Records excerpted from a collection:
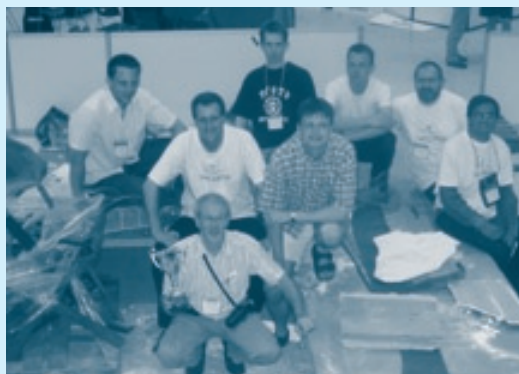
KURT3D is vice champion in Robot Rescue; B-IT students are in the team

The rescue team, which participated for the first time, fared much better. There was a keen competition mainly with Japanese teams during the first round and then with two Italian teams. KURT3D finished in second place. The vice champion excelled through its true 3D environment object model gained from an innovative implementation of the iterative closet point algorithm.
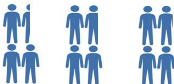
Figure 1: Population Density in Cabusao
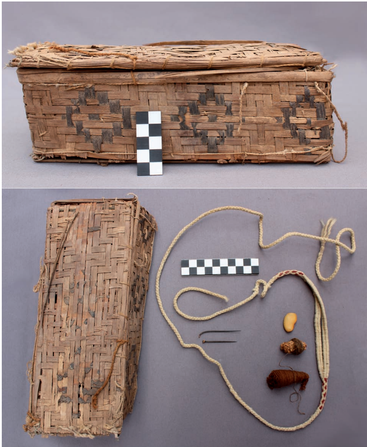
Fig. 4. Workbasket from Burial 40

fibres wrapped in a reed mat (Fig. 3). The reed elements of the mat were combined with a straight and herringbone stitch of light and dark brown threads from camelid fibre; a crossed-warp string – tipped with a characteristic knot-shaped tassel – was used to tie the mat.
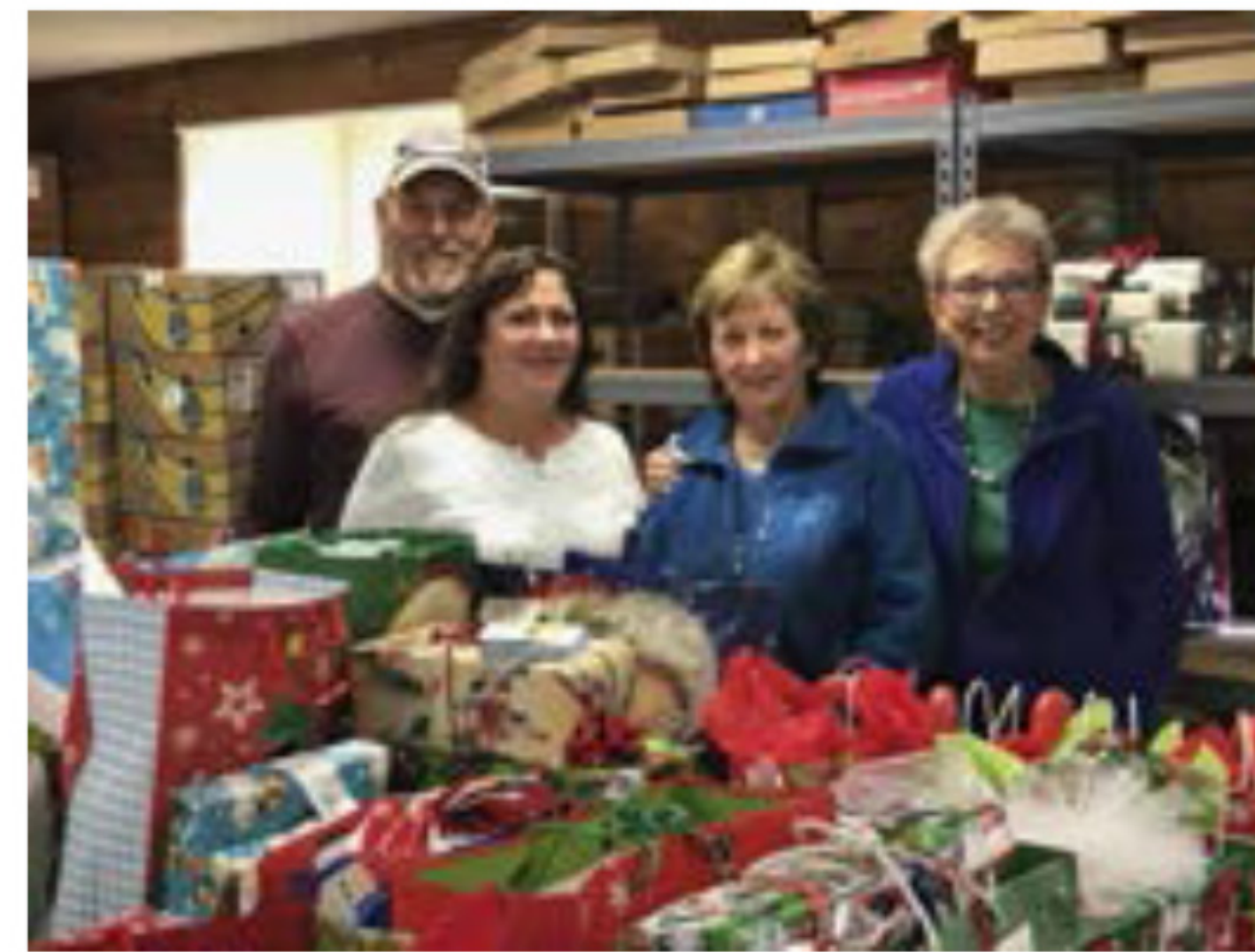
Chapel friends deliver angel tree gifts.

Thank you to all those individuals and organizations that provided financial and in-kind donations to improve the lives of those less fortunate in our community this year!
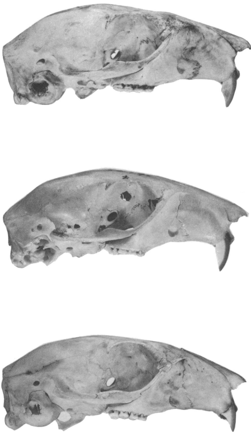
Fig. 3. Crania of South American giant squirrels. Left lateral view. Top: AMNH 77359, Sciurus igniventris from Savana Grande, Venezuela. Center: AMNH 36153. Bottom: AMNH 93035, Sciurus spadiceus from Villa Bella Imperatriz, Amazonas, Brazil. Natural size.

S. igniventris and was of the opinion that only pelage color separated S. duida from S. igniventris . He made no comment about the skull characters Allen had mentioned or about Allen's footnote. When Goodwin compiled his catalog, he followed Tate and listed S. duida as a subspecies of S. igniventris (Goodwin, 1953).
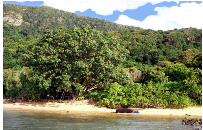
Figure 1. Coastal forest of Legon Moto in the Karimunjawa Island, Java Sea, Indonesia which discovery habitat of C. melanota

Karimunjawa Island is a part of the Karimunjawa Islands which is located in the Java Sea at 5°40' 39"-5°55' 00" latitude and 110°05' 57"-110°31' 15 " longitude. The location is within the administrative region of Jepara District, the Province of Central Java, Indonesia and situated about 60 nautical miles north of Semarang, the capital city of Central Java, Indonesia (Figure 2).
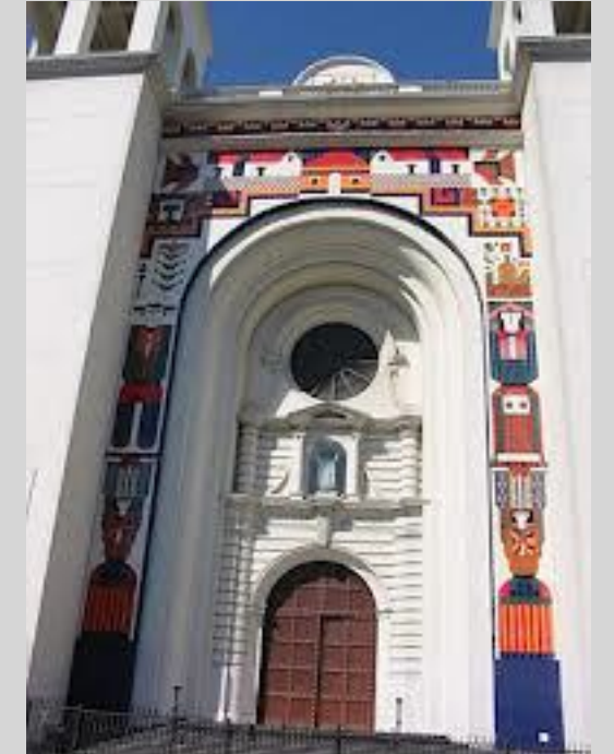
The National Cathedral in San Salvador where this façade by Fernando Llort could be seen until its destruction by the Church in 2011

With the coming of Peace Accords to El Salvador, Fernando Llort opened a gallery and workshop in the capitol city, San Salvador, called Arbol de Dios (Tree of God), and was asked to decorate the façade of the National Cathedral with a monumental collage in the
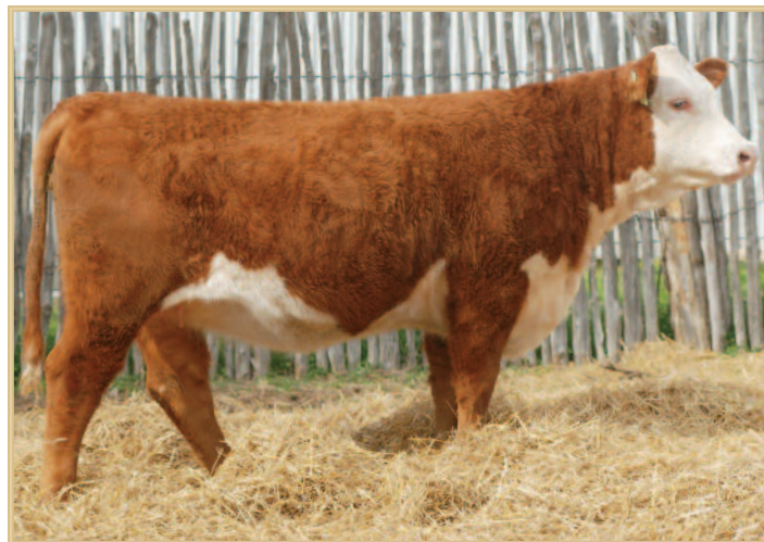
FS Miss Advance 354A
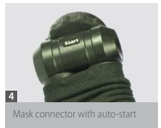
4 Mask connector with auto-start
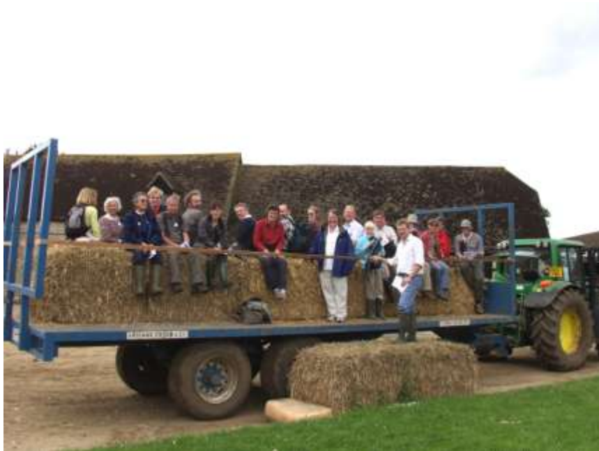
Figure 2: The Farm Animal Initiatives tractor about to take the workshop to Somerford Mead, Wytham near Oxford

Our visit to see the Somerford Mead plots was facilitated by a tractor ride laid on by Farm Animal Initiatives (Figure 2), who manage the land as part of their interest in animal-friendly farming. The seed source for the Somerford plots was Yarnton Mead, part of the Oxford Meadows SAC, on the other side of the Thames, so we then visited this site, where marker stones still show the strips of land where the hay associated with each lot ball should be taken.
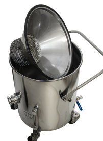
Cone assembly and detachable recovery tank with liquid level indicator and drain valve - Included
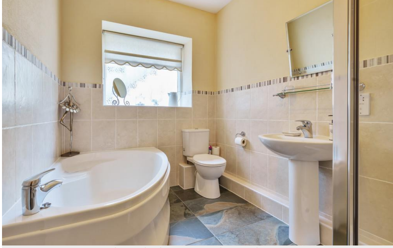
The Chalet - Family Bathroom

To reach the property from Grange-over-Sands proceed up Grange Fell Road past the Library. Just past the 4th right (Eden Mount Road) turn left - signed 'The Chalet'. The property is at the end of the road on the the left hand side.
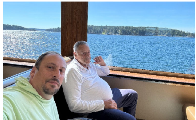
Dad and I on the ferry to San Juan Island

For a change of pace, we took the state ferry to San Juan Island via Friday Harbor - we just had to grab a taxi to the Orcas Island Ferry Terminal. Passenger walk-on's are free for inter-island connections. Once at Friday Harbor, we took the shuttle to Roche Harbor for a tour and lunch. Back to Friday Harbor found us sightseeing and having dinner. And early evening had us taking the ferry back to Orcas.
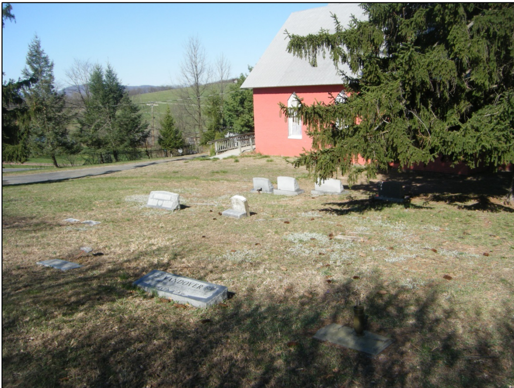
Photograph of 46-HM-202, looking northwest.
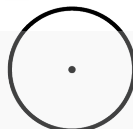
DUAL HD-SDI OR 3G-SDI STREAMING

• Exercise description:
Images are to be excluded, and each record above written out word for word.

• Result of this task:
KURT3D is vice champion in Robot Rescue; B-IT students are in the team

The rescue team, which participated for the first time, fared much better. There was a keen competition mainly with Japanese teams during the first round and then with two Italian teams. KURT3D finished in second place. The vice champion excelled through its true 3D environment object model gained from an innovative implementation of the iterative closet point algorithm.
Figure 1: Population Density in Cabusao
Fig. 4. Workbasket from Burial 40

fibres wrapped in a reed mat (Fig. 3). The reed elements of the mat were combined with a straight and herringbone stitch of light and dark brown threads from camelid fibre; a crossed-warp string – tipped with a characteristic knot-shaped tassel – was used to tie the mat.
Chapel friends deliver angel tree gifts.

Thank you to all those individuals and organizations that provided financial and in-kind donations to improve the lives of those less fortunate in our community this year!
Fig. 3. Crania of South American giant squirrels. Left lateral view. Top: AMNH 77359, Sciurus igniventris from Savana Grande, Venezuela. Center: AMNH 36153. Bottom: AMNH 93035, Sciurus spadiceus from Villa Bella Imperatriz, Amazonas, Brazil. Natural size.

S. igniventris and was of the opinion that only pelage color separated S. duida from S. igniventris . He made no comment about the skull characters Allen had mentioned or about Allen's footnote. When Goodwin compiled his catalog, he followed Tate and listed S. duida as a subspecies of S. igniventris (Goodwin, 1953).
Figure 1. Coastal forest of Legon Moto in the Karimunjawa Island, Java Sea, Indonesia which discovery habitat of C. melanota

Karimunjawa Island is a part of the Karimunjawa Islands which is located in the Java Sea at 5°40' 39"-5°55' 00" latitude and 110°05' 57"-110°31' 15 " longitude. The location is within the administrative region of Jepara District, the Province of Central Java, Indonesia and situated about 60 nautical miles north of Semarang, the capital city of Central Java, Indonesia (Figure 2).
The National Cathedral in San Salvador where this façade by Fernando Llort could be seen until its destruction by the Church in 2011

With the coming of Peace Accords to El Salvador, Fernando Llort opened a gallery and workshop in the capitol city, San Salvador, called Arbol de Dios (Tree of God), and was asked to decorate the façade of the National Cathedral with a monumental collage in the
FS Miss Advance 354A
4 Mask connector with auto-start
Figure 2: The Farm Animal Initiatives tractor about to take the workshop to Somerford Mead, Wytham near Oxford

Our visit to see the Somerford Mead plots was facilitated by a tractor ride laid on by Farm Animal Initiatives (Figure 2), who manage the land as part of their interest in animal-friendly farming. The seed source for the Somerford plots was Yarnton Mead, part of the Oxford Meadows SAC, on the other side of the Thames, so we then visited this site, where marker stones still show the strips of land where the hay associated with each lot ball should be taken.
Cone assembly and detachable recovery tank with liquid level indicator and drain valve - Included
The Chalet - Family Bathroom

To reach the property from Grange-over-Sands proceed up Grange Fell Road past the Library. Just past the 4th right (Eden Mount Road) turn left - signed 'The Chalet'. The property is at the end of the road on the the left hand side.
Dad and I on the ferry to San Juan Island

For a change of pace, we took the state ferry to San Juan Island via Friday Harbor - we just had to grab a taxi to the Orcas Island Ferry Terminal. Passenger walk-on's are free for inter-island connections. Once at Friday Harbor, we took the shuttle to Roche Harbor for a tour and lunch. Back to Friday Harbor found us sightseeing and having dinner. And early evening had us taking the ferry back to Orcas.
Photograph of 46-HM-202, looking northwest.
DUAL HD-SDI OR 3G-SDI STREAMING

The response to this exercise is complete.